Comment 13 for bug 1463433

Revision history for this message
Bogdan Dobrelya (bogdando) wrote : Re: [shaker] test failing due to multiple "Timed out waiting for reply to ID" events logged by Oslo.messaging after rabbitmq recovered from partitioning and kept running with some connections got blocked because virt memory got exhausted by publishers

Deeper investigation had shown this is the classic deadlock: the rabbit node have no free
resources left and the cluster blocks *all* publishing, by design. The
app thinks "let's wait for the publish block have lifted" and cannot
recover, hence keeps running continuously reporting "timed out waiting
for reply" things and keeping blocked connections open for ever.

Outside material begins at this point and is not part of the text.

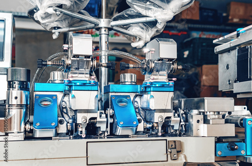 Machine for sewing the toe area of socks. Front view. Textile industry, automatic knitting of socks.

As we discussed with Roman Podolyaka today:
- we *can* apply the w/a for the AMQP cluster monitoring control plane
(OCF). Which is about to "monitor and restart, if something looks really
bad"
- we *cannot* apply w/a or fix for the app layer as it is not clear what
Oslo should do when the rabbit cluster have blocked all publishing
because some node(s) got exhausted memory resources. Roman thinks that
the app should just wait for unblock, as it is now, and I almost agree
- we also *cannot* be sure why exactly the rabbit node's memory high
watermark exceeds: either due to some app side issues or due to the
rabbit side memory leak. Good news, this is *not* important, if we gonna
apply only w/a to the control plane. Which is to monitor additionally if
'rabbitmqctl list_queues' hangs and restart rabbit node the same way as
we do now for the cases when rabbitmqctl list_channels hangs.